I recently wrote an essay about AI risk, targeted at other academics:
Long-Term and Short-Term Challenges to Ensuring the Safety of AI Systems
I think it might be interesting to some of you, so I am sharing it here. I would appreciate any feedback any of you have, especially from others who do AI / machine learning research.
Thank you, I saw this earlier but posting it here makes it easier for me to comment. :)
In order for an AI to learn a utility function from humans that is safe to maximize over, it needs to have no errors over its whole domain (if there is a single error in the utility function arbitrarily far away from the training distribution, the AI could eventually seek it out when it gets powerful enough to be able to reach that point in state space). Not only that, but it has to correct the errors that are in the training data. So from current learning algorithms whose average case error can suffer badly when the input distribution is slightly shifted, we have to get to one with a worst case error of zero and negative average case error. Does this seem like a fair or useful way to state the severity of the problem in ML terms?

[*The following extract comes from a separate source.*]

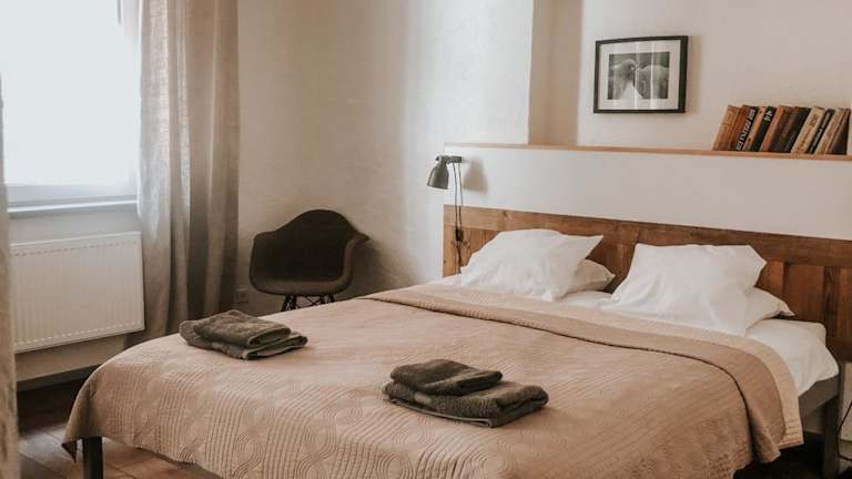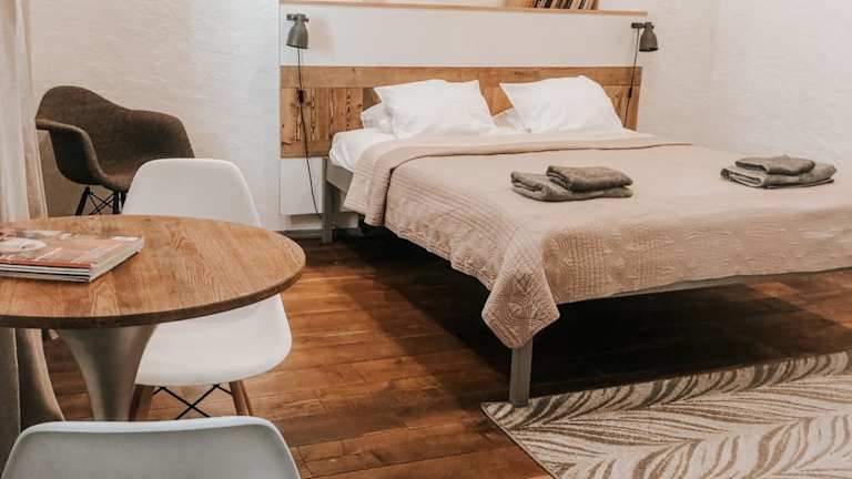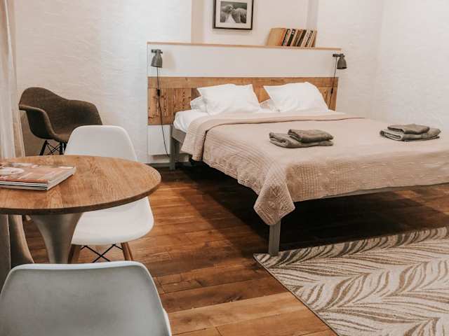 Das Hotel 2 Baloži in Kuldīga ist ein kleines und gemütliches Hotel im Herzen der historischen Altstadt. Hier erwartet Sie eine angenehme Atmosphäre und moderne Zimmer mit allen Annehmlichkeiten. Genießen Sie die Nähe zu den Sehenswürdigkeiten dieser wunderschönen historischen Stadt.

(BTW, I'm aware of work by Paul Christiano to try to design FAI that can tolerate some errors made by the learning algorithm, but I'm not sure that the cost in terms of higher complexity and lower efficiency is worth it, since it may not be much easier to get the kind of theoretical guarantees that his designs need.)
Another issue that makes me pessimistic about the long run outcome is the seeming inevitability of AI arms races and resulting incentives to skimp on ethics and safety in order to beat the competition to market or publication. I haven't seen much discussion of this by people who are "in" AI / ML. What's your view on this, and do you think there should be greater awareness/discussion of this issue?
Do you have a reference for "weakly supervised learning"? I did some searches but couldn't find anything that seemed especially relevant to the way you're using it.
Isn't the arms race a safeguard? If multiple AIs of similar intelligence are competing it is difficult for any one of them to completely outsmart all the others and take over the world.